Меня так редко спрашивали о моем мнении, что я даже не знал, есть ли оно у меня, пока оно не выскочило у меня изо рта.
– Нам надо войти. Мы должны знать.
Мы поднимались по шаткой задней лестнице. Доброджану шел впереди, одна рука была засунута в пальто и наверняка сжимала револьвер. Я шел следом, нащупывая пальцами рукоятку ножа, чтобы успокоить нервы. Граво был в арьергарде и по-французски бормотал что-то похожее на проклятия. Раз или два я уловил слово «Пеллинор».
Лестница была тревожно непрочной и раскачивалась с каждым нашим шагом, старые ступени жалостно скрипели и протестующе стонали. Мы добрались до площадки четвертого этажа, где наш предводитель достал из кармана револьвер и толкнул дверь. Мы последовали за ним.
Во всю длину здания шел узкий, плохо освещенный коридор; его стены почернели от копившейся десятилетиями грязи, на полу блестели пятна воды и более темные кляксы неизвестного происхождения, возможно, моча или испражнения, потому что в коридоре воняло и тем, и другим, а также вареной капустой, табаком, дровяным дымом и еще особым запахом человеческого отчаяния.

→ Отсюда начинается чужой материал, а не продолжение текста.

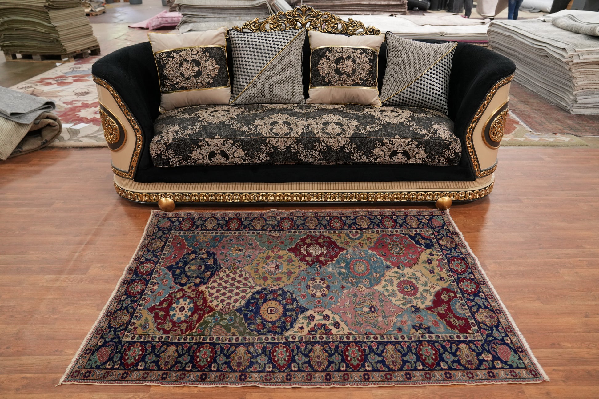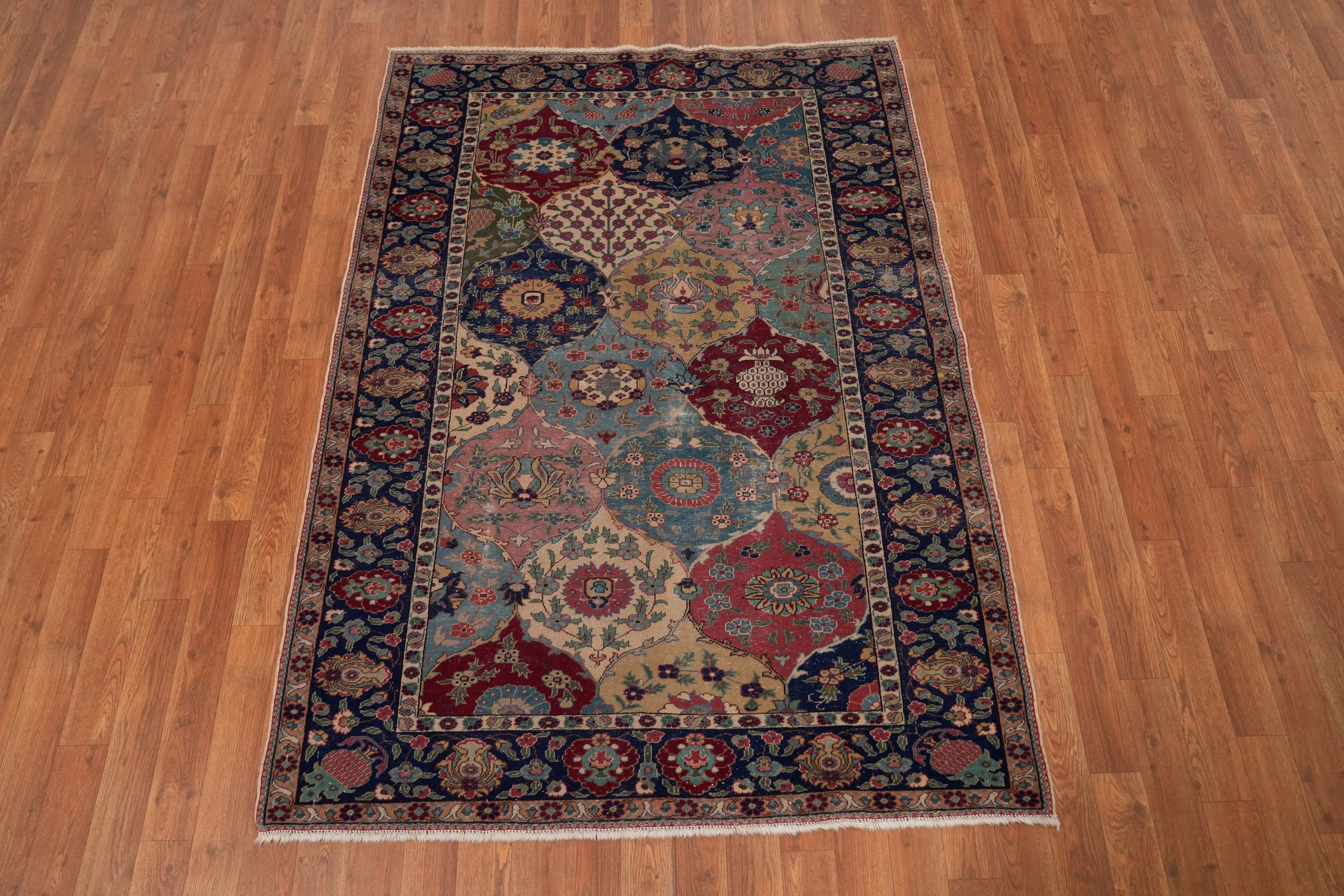A Beautiful Genuine Persia ( Persia ) Tabriz rug is Hand Knotted by skillful weavers in Persia ( Persia ) with 100% Wool Material. This rug is in Very Good (Evenly Low Pile) condition. dimensions are 5' 9'' X 4' 1'' in foot and 175 X 124 in centimeter. the primary color is Multi-Colored.

Было очень холодно и смертельно тихо. Мы с минуту стояли не двигаясь и едва дыша, пытаясь услышать какие-нибудь признаки жизни. Ничего.
Доброджану прошептал.:
– Конец коридора, последняя дверь налево.
– Уилл Генри должен пойти первым, – предложил Граво. – Он самый маленький, и у него самая легкая поступь. Мы останемся здесь и прикроем его.
Доброджану уставился на него из-под густых седых бровей.
– Как вы вообще стали монстрологом, Граво?
– Комбинация семейного давления и социальной недоразвитости.
Доброджану хмыкнул.
– Пойдем, Уилл. Граво, оставайтесь здесь, если хотите, но следите за лестницей!
Мы осторожно двинулись по коридору, по пути оставив справа центральную лестницу. Единственным источником света был пожарный выход, и по мере того как мы шли, этого света становилось все меньше.
Доброджану перешагнул через сверток из тряпок и указал мне на него, чтобы я в темноте не запнулся. К своему удивлению, я увидел, что сверток шевелится и что в тряпье завернут ребенок всего нескольких месяцев от роду, с широко открытым в жалостном беззвучном крике ртом. Его темные глаза беспокойно крутились в глазницах, тонкие, как тростинки, руки хватали воздух.
Я потянул старика за рукав и показал на ребенка. Он изумленно поднял брови.
– Он жив? – прошептал он.
Я присел перед брошенным ребенком на корточки. Маленькая ручонка крепко схватила меня за палец. Глаза, казавшиеся очень большими на истощенном лице, уставились на меня. Ребенок с явным любопытством меня изучал, сжимая мой палец.
– Где-то здесь должны быть его родители, – предположил Доброджану. – Пошли, Уилл.
Он заставил меня встать. Ребенок не заплакал, когда я отнял свой палец. Возможно, он был слишком слаб или слишком болен, чтобы плакать.
Доброджану пошел по коридору, но я не двинулся с места. Я смотрел на ребенка у своих ног. Для меня это было слишком. Как часто я оплакивал свою судьбу, огромную несправедливость смерти моих родителей или свою службу у эксцентричного гения, чьи мрачные погони толкали меня в самые тревожные ситуации и даже заставляли рисковать жизнью? Но что это было по сравнению с голодным ребенком, брошенном в грязном коридоре, пропахшем мочой и капустой? Да что я знал о страдании?
– В чем дело? – спросил Доброджану. Он обернулся и увидел, что я не схожу с места.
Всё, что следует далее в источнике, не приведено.